━━━ Recorded information

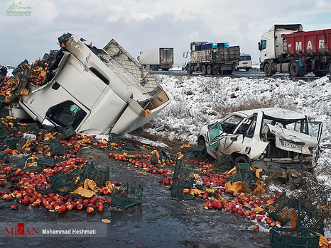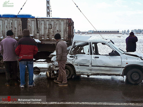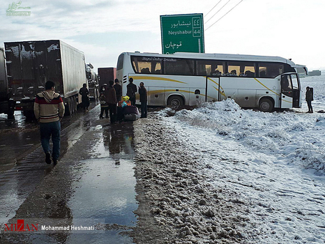 در کیلومتر پنج جاده سبزوار - نیشابور، به دلیل لغزندگی سطح جاده در پی بارش شدید برف، ۳۰ دستگاه خودرو با یکدیگر برخورد کردند و ۱۲ مصدوم برجای گذاشت.
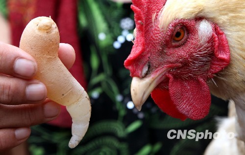 河南商丘市睢陽(yáng)區(qū)馮橋鄉(xiāng)一村民養(yǎng)的一只老母雞,近日下了一個(gè)形似海豚、有眼有臉、還帶著一條小尾巴的怪蛋。
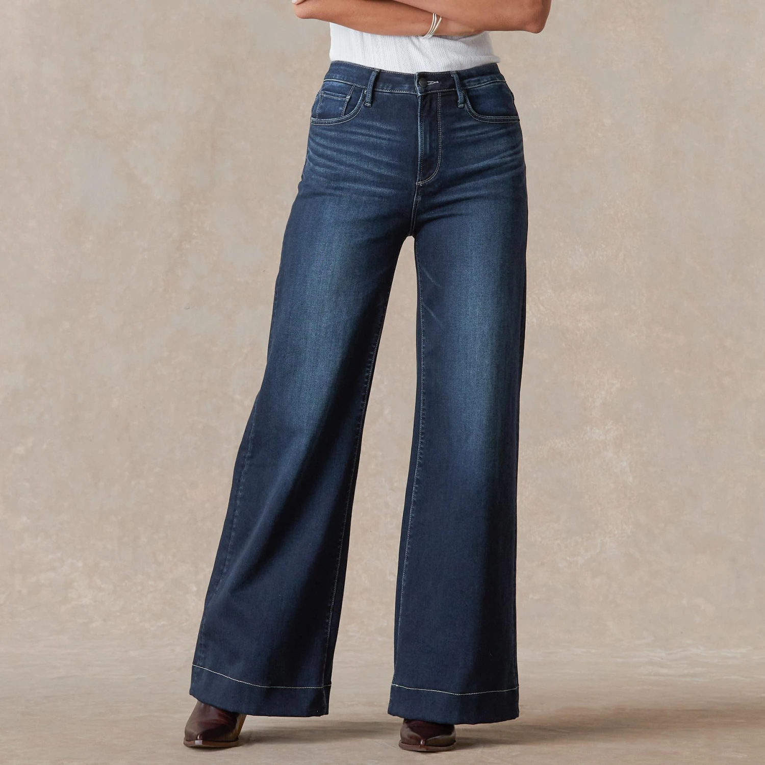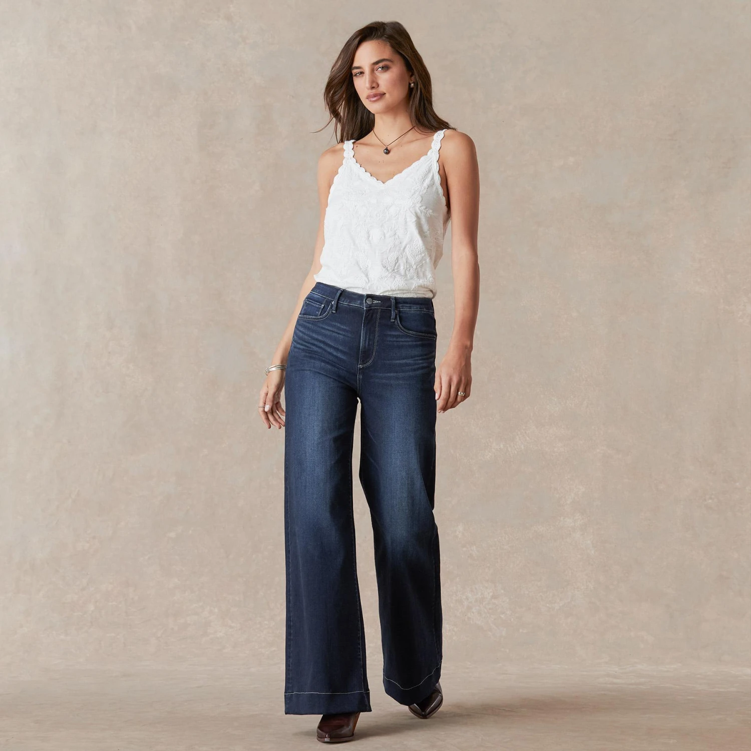 Stretchy, five-pocket styling with dramatic wide legs that grace the ankles. Cotton/spandex. Machine wash. Imported. Sundance exclusive. Sizes 24 to 32. 32″ or 34″ inseam, 11″ rise, 26″ leg opening.

━━━━━━

> [What to produce] Retype the material above exactly, images excluded.

> [Response to this task]
 در کیلومتر پنج جاده سبزوار - نیشابور، به دلیل لغزندگی سطح جاده در پی بارش شدید برف، ۳۰ دستگاه خودرو با یکدیگر برخورد کردند و ۱۲ مصدوم برجای گذاشت.
 河南商丘市睢陽(yáng)區(qū)馮橋鄉(xiāng)一村民養(yǎng)的一只老母雞,近日下了一個(gè)形似海豚、有眼有臉、還帶著一條小尾巴的怪蛋。
 Stretchy, five-pocket styling with dramatic wide legs that grace the ankles. Cotton/spandex. Machine wash. Imported. Sundance exclusive. Sizes 24 to 32. 32″ or 34″ inseam, 11″ rise, 26″ leg opening.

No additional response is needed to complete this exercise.